When a trio of nurses at Cambridge Health Alliance detected “barriers to communications” among registered nurses and certified nursing assistants there, they set out to improve the tone by producing a short video depicting the virtues of respect and civility in all interactions on their unit. In essence, the unit was not working to its full potential as a team.

They began the project by holding staff focus groups. Stephanie A. Racca, BSN, RN, a nurse manager at the Alliance, said she and her two colleagues soon learned that “both RNs and CNAs felt they could not rely on each other for help” because of a “perceived lack of respect for each other and little understanding of each other's role in patient safety.”

“But we also learned that both sides really wanted to address these issues,” she added. “That’s when we decided to make a movie.” Her film team included Sarai Lamothe, BSN, RN, and Candice Stahl, BSN, RN.

“We realized that perhaps the best way to address these common communication complaints,” said Lamothe, "was to depict scenes that illustrated the ‘incorrect or bad’ version of a specific scenario versus the ‘correct or good’ version of how communication ought to be carried out.” (See figure 1.)

Emphasis on civility and respect

Six scenarios were shown in the film — three put forth by the CNAs and three by the RNs. One scenario by the CNAs had to do with implicit messaging around respect (See figure 2.)

“We have a CNA on the right asking the nurse for assistance,” Racca explained, “and the RN responds, ‘Ask one of your colleagues.’ The CNA then responds, ‘Aren’t you my colleague?’” Another scene in the film shows how face to face conversations lead to a safer and more collegial atmosphere. 

After the full movie was shown and discussed, Racca said, staff members were far more likely to feel that colleagues supported one another.

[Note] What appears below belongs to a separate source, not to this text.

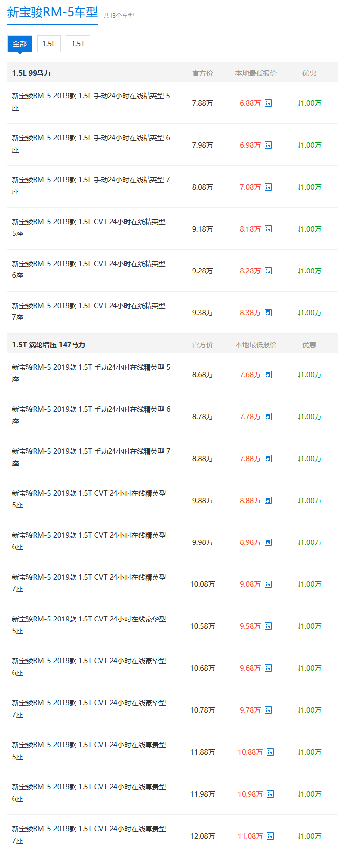 广州地区某汽车经销商近日公布了新宝骏RM5在该地区的优惠行情:目前新宝骏RM5购车最高优惠1万元,6.88万元起售,具体售价信息如下图所示: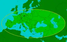 P. antiquus is known from abundant finds across Europe, ranging as north as Great Britain and as far east as European Russia during interglacial periods. Fossils are also known from Israel, Iran and probably Turkey in West Asia, and also possibly from Kazakhstan and Tajikistan. During glacial periods P. antiquus permanently resided in the Mediterranean region.[16][17] It is primarily associated with temperate and Mediterranean forest and woodland habitats, as opposed to the colder open steppe environments inhabited by contemporary mammoths.[18] Many of the remains attributed to the species from Western Asia are primarily done so for geographical reasons, and it has been suggested that some of these specimens may have closer affinities with P. recki.[19]

They were also more likely to feel positive about the “culture of patient safety” in the unit. (See figure 3.)

As for applying CHA’s lessons to other facilities, Racca recommended that organizations include an objective outsider to facilitate mediation; involve a fair representation of staff in the effort; and continue to address the issue because “nothing is solved or finished after a few meetings — the efforts to improve communication must be on-going.”

“One surprising lesson was the notable appreciation and change in attitude that occurred among many of the staff from the onset simply because this issue was being addressed,” Racca said. “Staff members were notably happy that teamwork was on the agenda.”